Patrons at Threes in Brooklyn. ENLARGE
Patrons at Threes in Brooklyn. Photo: Andrew Hinderaker for The Wall Street Journal
Brewery startup costs in New York City can run in the neighborhood of a million dollars—about twice as much as a comparable venture in Chicago or Atlanta, estimates Bart Watson, chief economist of the Brewers Association, a trade group. Some of the area’s new brewers said they had to craft their beer elsewhere—sometimes for years—to raise the startup capital and ride out bureaucratic waits for inspections and permits.
Then there is the New York consumer mind-set. “Many states, like Vermont, Michigan or Oregon, are very loyal to their local brands,” said Steve Hindy, co-founder and president of Brooklyn Brewery, which launched in 1988 and grew to become one of the best-known craft-brew brands nationally. “New Yorkers want the best of everything, and many do not care where it comes from.”
But the recent rise in New York City’s brewery scene reflects broader bullish trends, industry experts say. National craft-beer sales topped $18 billion in 2014, said Mr. Watson, up 26% over 2013.

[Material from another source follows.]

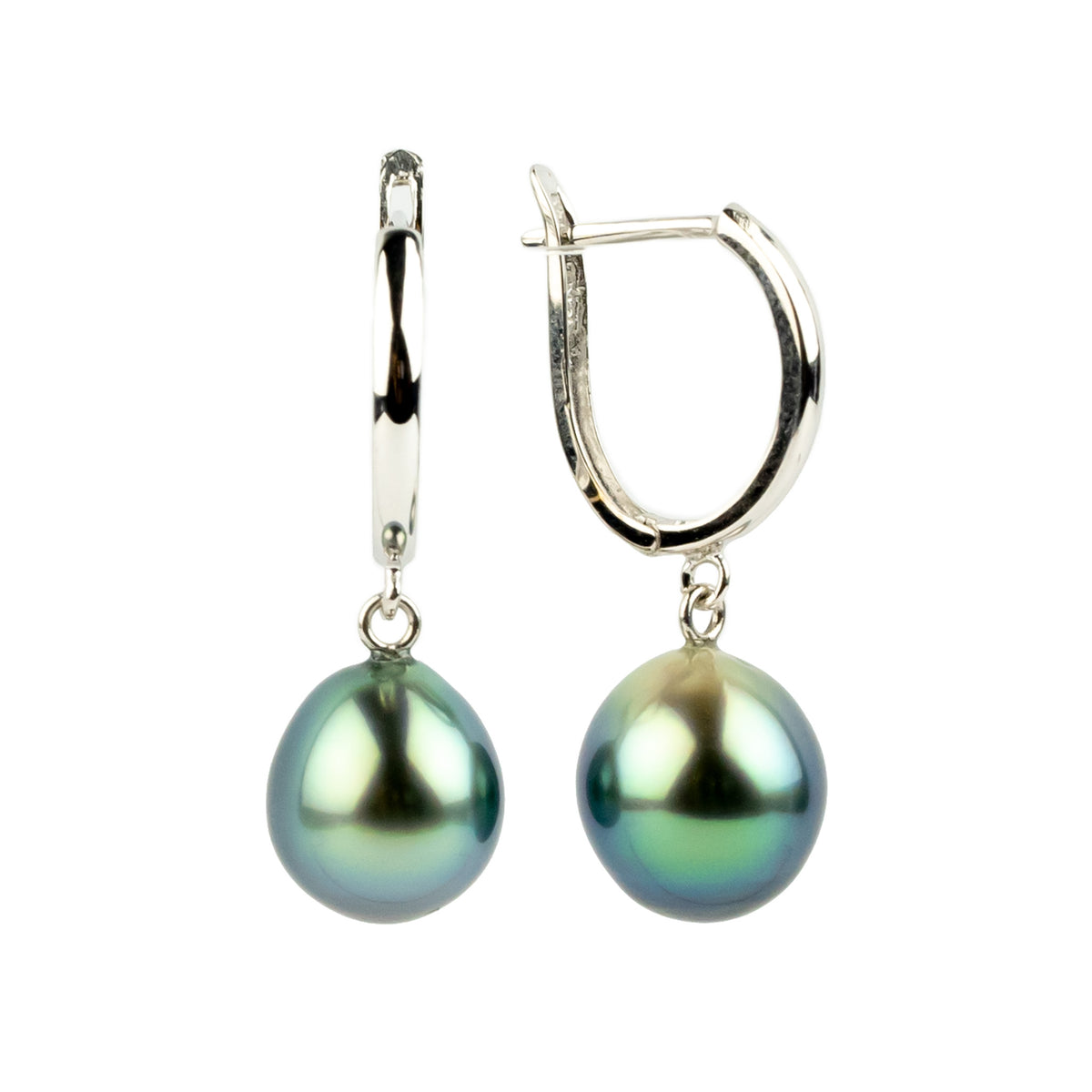 Blue Green Tahitian Pearl Teardrop Dangle Earrings on Sterling Silver

Demographics are expanding. More women and minorities are tippling craft brews, said industry consultant Jen Schwertman, and the millennial generation has come of drinking age in an era when beer options expanded significantly past a handful of dominant national brands.
In New York City, homegrown brews are also infiltrating upscale bars and restaurants. “We make sure a large percentage of our beer list comes from local breweries,” said Hayley Jensen, beer sommelier at Taproom No. 307, a craft-beer bar with nearly 100 offerings. Artisan brews, with their unique, complex flavors, are increasingly being treated as pairing fodder for haute cuisine at such epicurean destinations as Eleven Madison Park, NoMad and others.

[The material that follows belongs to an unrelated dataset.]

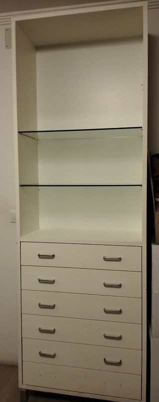 Mueble cajoneras almacenamiento, pintado en blanco con pintura a la tiza , necesitaría otra mano de pintura, el mueble está en buen estado y tiene mucha capacidad de almacenamiento.

When Brooklyn Brewery opened in 1988, it sparked a revival of the city’s proud brewing tradition, which began in the mid-19th century and dried up by 1976. But the two dozen area breweries that opened after Brooklyn Brewery’s launch have failed, mainly because traditional beer distributors were reluctant to take on their product, Mr. Hindy said.
These days, he said, “you do not have to explain why your beer is dark or hoppy, or why it is strong and tastes like cherries or peaches or whiskey.”
Chris Gallant, co-founder of Bronx Brewery, said he hopes to follow Brooklyn Brewery’s example. But, he noted, “when Brooklyn started, there were just a few Goliaths like Bud and Heineken. Now, there are a lot more Goliaths, and they’re one of them.”
Back at Threes, Mr. Israelson described a culture of camaraderie between New York’s newest brewers.
“There’s a lot of sharing,” he said. “When possible, we go over to Other Half and bring them a growler of what we’re working on, and they have done the same for us many times.”
All of which raises the question of whether a New York-style beer might be in the offing.
“It would certainly have to be bitter…not overly fruit forward,” speculated Cory Bonfiglio, general manager of Proletariat, a Lower East Side beer bar, tossing out taste profiles like “confident and bold,” “robust yet brisk” and “a little funky on the back end.”
“I think we’ll strive to find our own tastes,” said Zach Mack, owner of Alphabet City Beer Co., a craft-beer bar and store. “Because if there’s anything a New Yorker is good at it, it’s forming an opinion on what is good and what is not.”